Requirement:
Transcribe the following entries letter for letter, without the pictures.

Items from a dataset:
☆ ☆ ☆ ☆
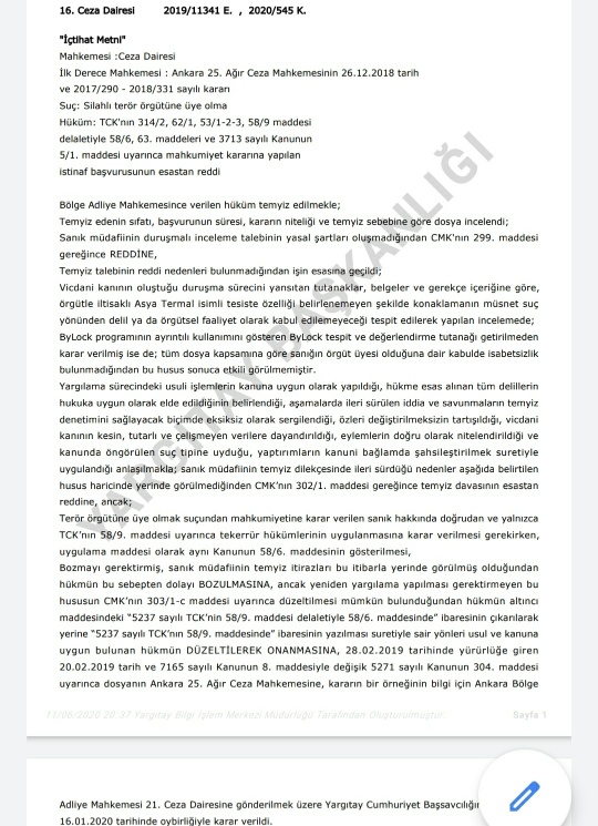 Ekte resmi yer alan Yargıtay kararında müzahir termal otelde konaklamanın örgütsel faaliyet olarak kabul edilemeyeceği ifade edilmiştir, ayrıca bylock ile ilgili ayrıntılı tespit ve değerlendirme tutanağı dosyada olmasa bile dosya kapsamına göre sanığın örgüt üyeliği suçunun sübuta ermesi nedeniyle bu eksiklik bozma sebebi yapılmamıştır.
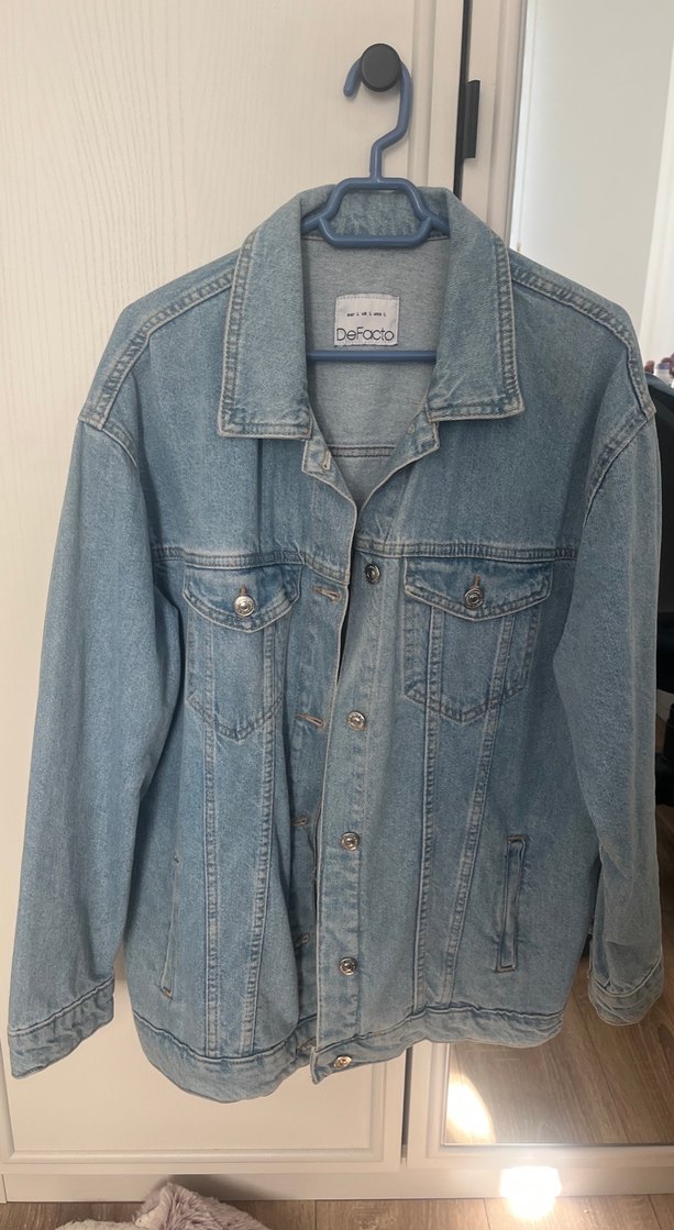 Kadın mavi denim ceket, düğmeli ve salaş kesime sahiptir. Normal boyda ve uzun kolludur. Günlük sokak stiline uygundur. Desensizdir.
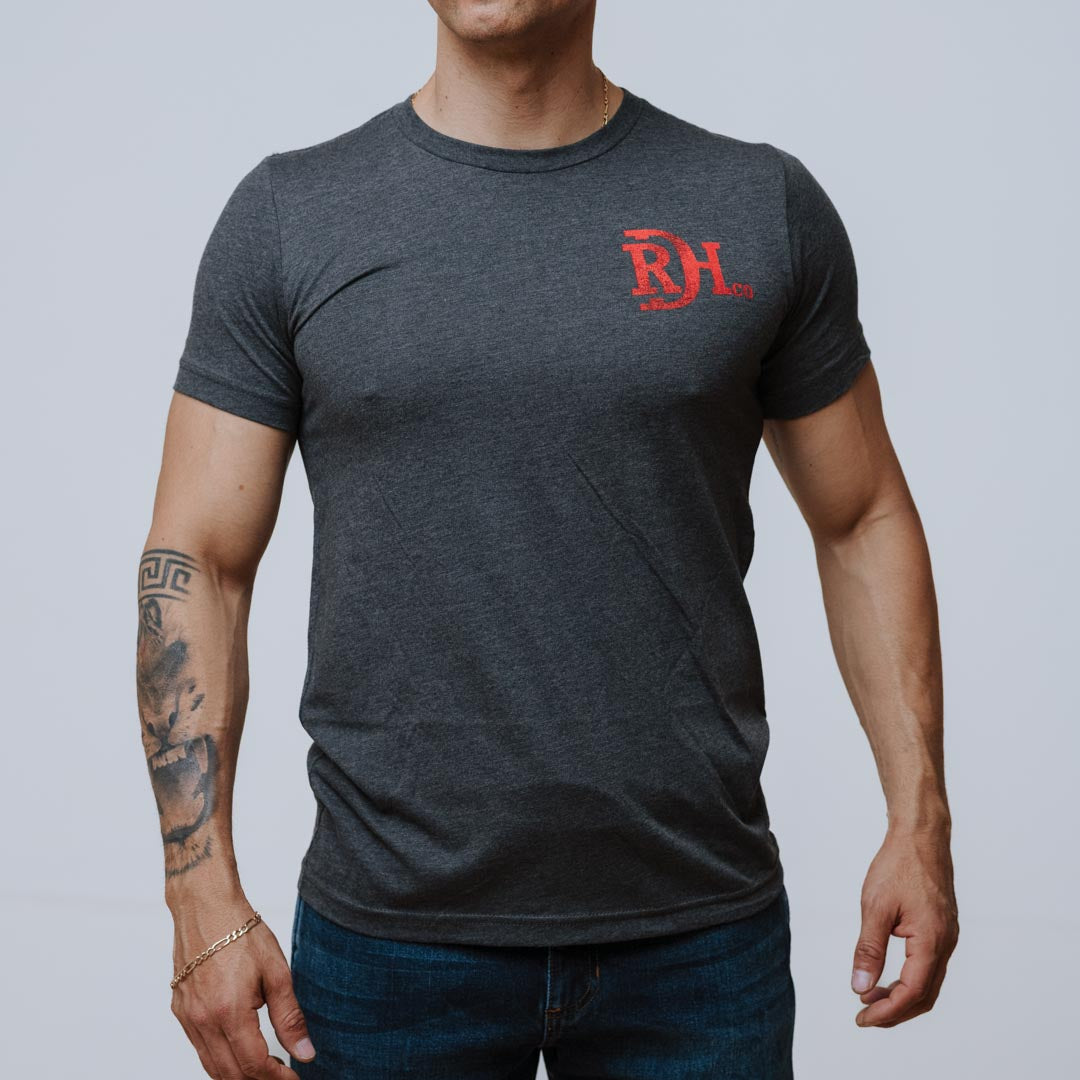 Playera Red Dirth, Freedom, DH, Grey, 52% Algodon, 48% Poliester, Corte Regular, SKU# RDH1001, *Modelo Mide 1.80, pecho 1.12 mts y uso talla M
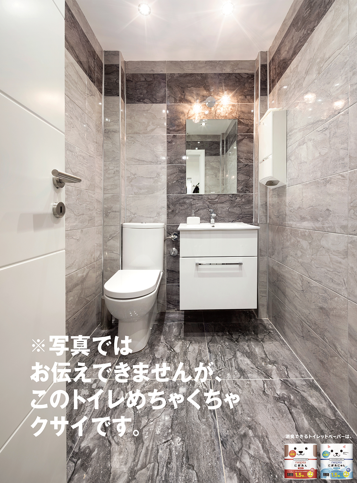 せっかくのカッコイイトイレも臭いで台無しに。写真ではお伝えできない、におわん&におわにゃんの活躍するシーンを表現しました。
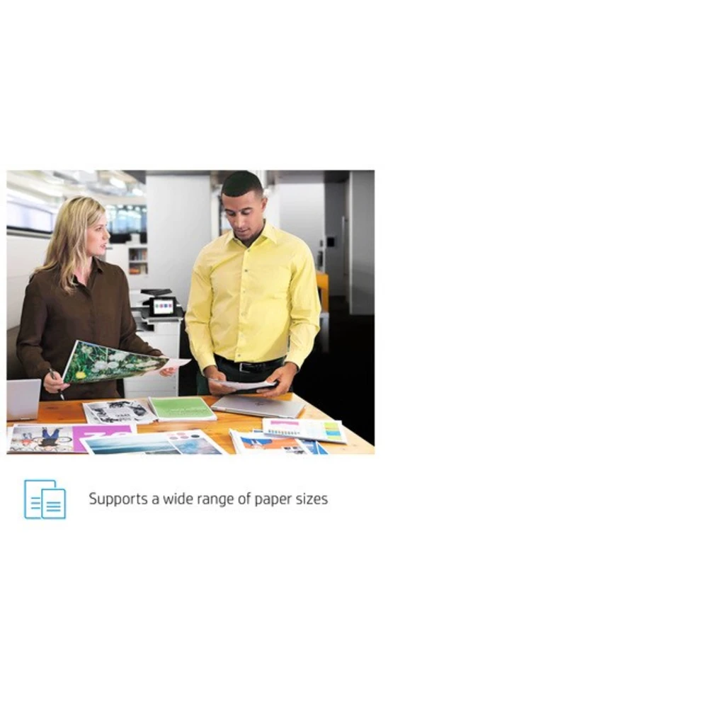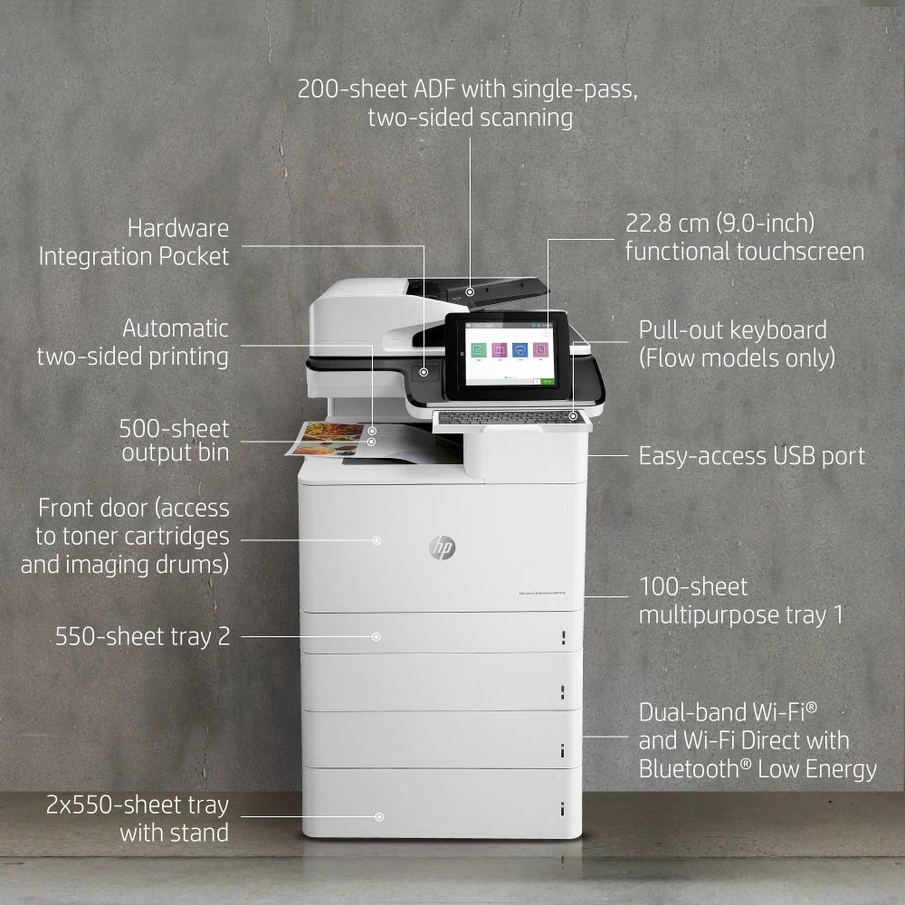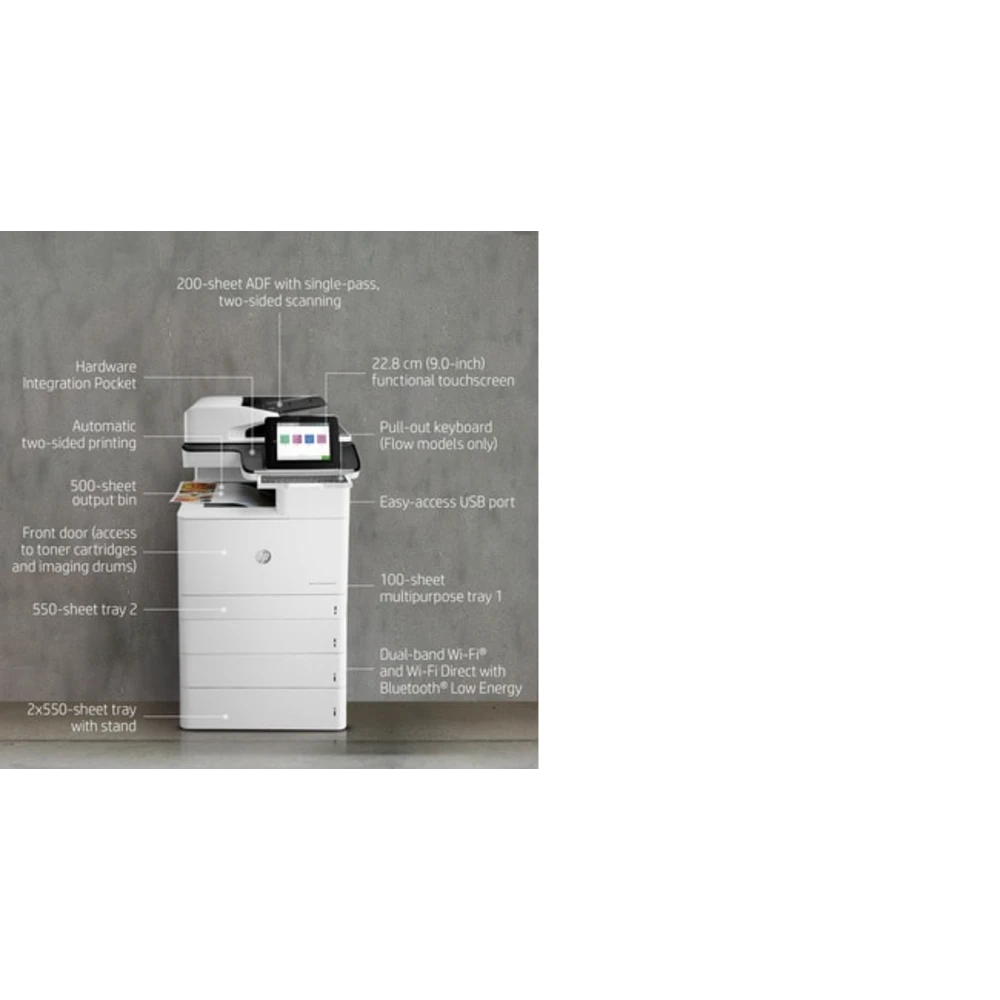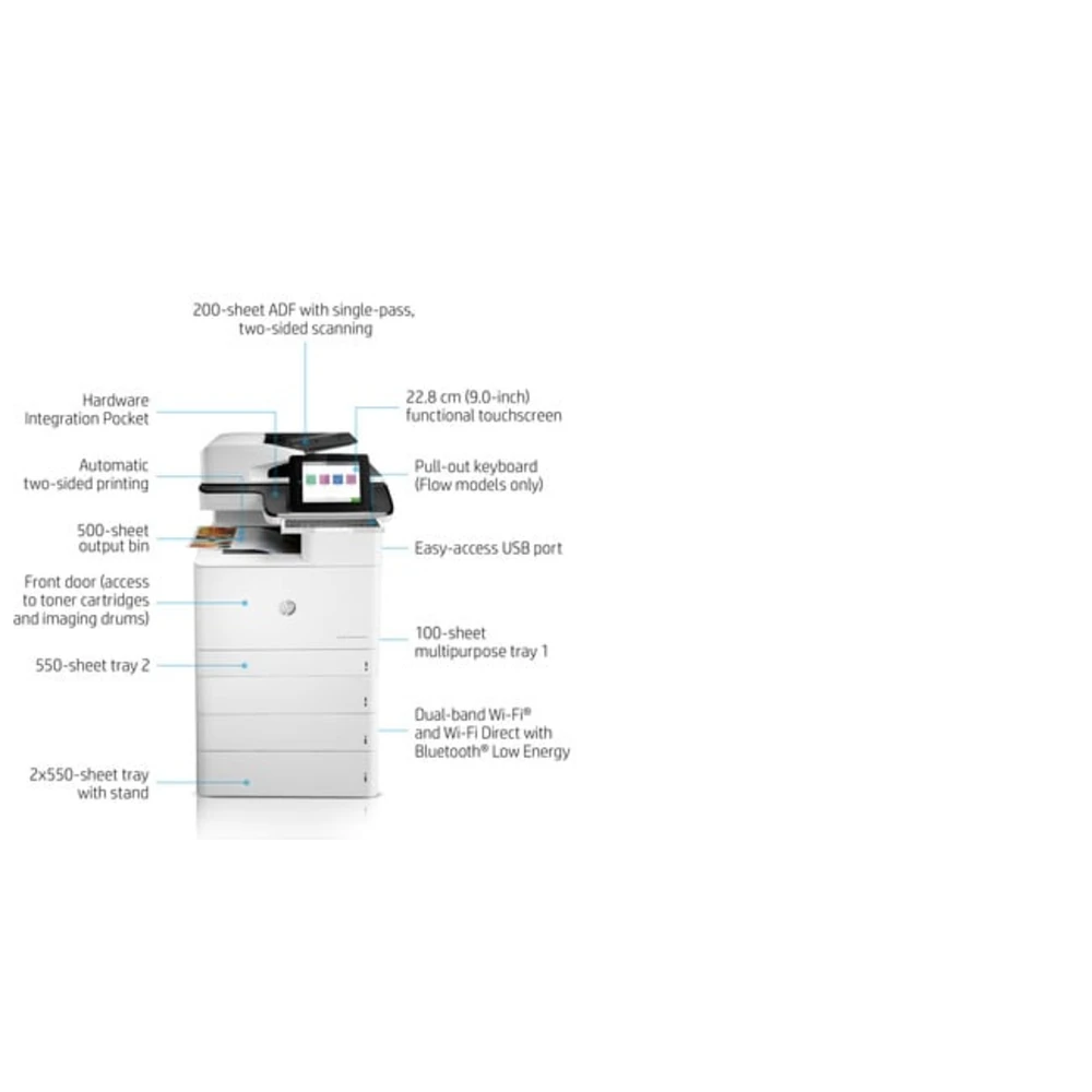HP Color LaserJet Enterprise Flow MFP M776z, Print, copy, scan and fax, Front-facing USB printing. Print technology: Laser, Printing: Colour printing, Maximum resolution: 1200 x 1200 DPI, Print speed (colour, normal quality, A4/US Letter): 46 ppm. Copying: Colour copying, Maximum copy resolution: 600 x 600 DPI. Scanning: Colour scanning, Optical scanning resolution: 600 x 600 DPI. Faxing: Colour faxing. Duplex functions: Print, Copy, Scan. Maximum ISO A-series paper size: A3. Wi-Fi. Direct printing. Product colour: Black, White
☆ ☆ ☆ ☆
Output for this exercise:
 Ekte resmi yer alan Yargıtay kararında müzahir termal otelde konaklamanın örgütsel faaliyet olarak kabul edilemeyeceği ifade edilmiştir, ayrıca bylock ile ilgili ayrıntılı tespit ve değerlendirme tutanağı dosyada olmasa bile dosya kapsamına göre sanığın örgüt üyeliği suçunun sübuta ermesi nedeniyle bu eksiklik bozma sebebi yapılmamıştır.
 Kadın mavi denim ceket, düğmeli ve salaş kesime sahiptir. Normal boyda ve uzun kolludur. Günlük sokak stiline uygundur. Desensizdir.
 Playera Red Dirth, Freedom, DH, Grey, 52% Algodon, 48% Poliester, Corte Regular, SKU# RDH1001, *Modelo Mide 1.80, pecho 1.12 mts y uso talla M
 せっかくのカッコイイトイレも臭いで台無しに。写真ではお伝えできない、におわん&におわにゃんの活躍するシーンを表現しました。
HP Color LaserJet Enterprise Flow MFP M776z, Print, copy, scan and fax, Front-facing USB printing. Print technology: Laser, Printing: Colour printing, Maximum resolution: 1200 x 1200 DPI, Print speed (colour, normal quality, A4/US Letter): 46 ppm. Copying: Colour copying, Maximum copy resolution: 600 x 600 DPI. Scanning: Colour scanning, Optical scanning resolution: 600 x 600 DPI. Faxing: Colour faxing. Duplex functions: Print, Copy, Scan. Maximum ISO A-series paper size: A3. Wi-Fi. Direct printing. Product colour: Black, White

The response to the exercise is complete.